The physical perspective adopted in Sec. II allowed the dissection of nanopore boiling in different contributions: starting from the macroscopic ones due to confinement size and hydrophobicity expressed by Kelvin–Laplace Eq. (2) in Sec. II A, passing through the contributions characteristic of the nanoscale (e.g., curvature and line effects, Sec. II B), and arriving at the effects intrinsic to the pore structure (e.g., pore connectivity, flexibility, heterogeneities, Sec. II C) and of the fluid and extrinsic characteristics (temperature, cycle time, electric field, etc., Sec. II D). These physical insights may be useful to devise new solutions and quantitative tools (Sec. IV) to meet the technological requirements of energy materials (Sec. III A) and chromatographic columns (Sec. III B), e.g., tuning the intrusion/boiling hysteresis in HLS or designing HPLC stationary phases or protocols that allow to work with green solvents avoiding dewetting issues. Finally, a strong physical basis is key to understand the biological phenomenon of hydrophobic gating (Sec. III C), which is fundamentally the same as boiling in artificial nanopores but with all the complexity that was progressively unrolled in Sec. II occurring at once and in a mutually dependent way.

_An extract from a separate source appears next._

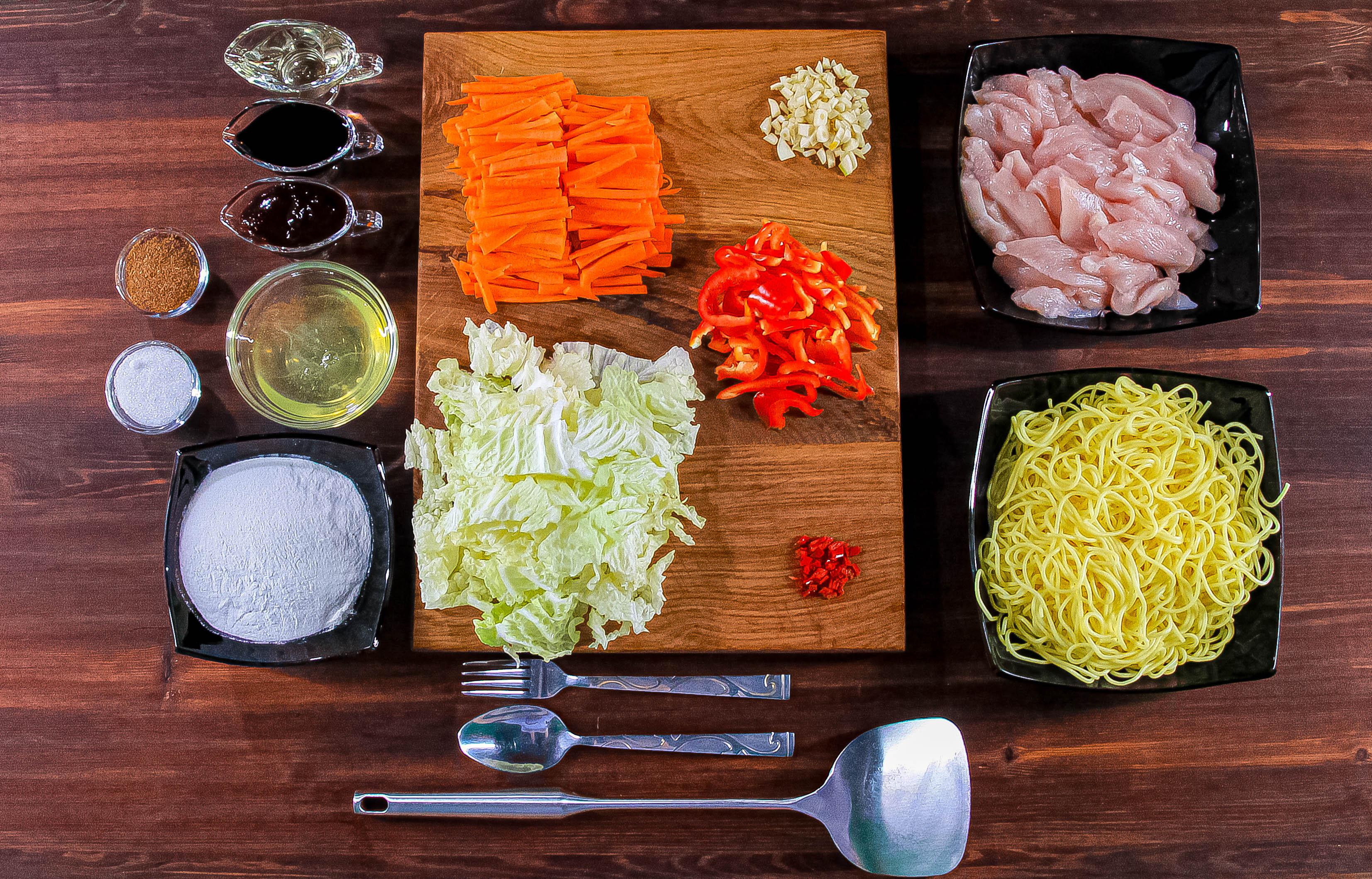 Растительное масло – 2 столовых ложки для лапши и ещё некоторое количество для курицы.

The author acknowledges Y. Grosu and S. Meloni for thoughtful discussions and G. Paulo for critically reading the manuscript. This research is part of a project that has received funding from the European Research Council (ERC) under the European Union’s Horizon 2020 research and innovation program (Grant Agreement No. 803213).

The authors have no conflicts to disclise.

A. Giacomello: Conceptualization (lead).

Data sharing is not applicable to this article as no new data were created or analyzed in this study.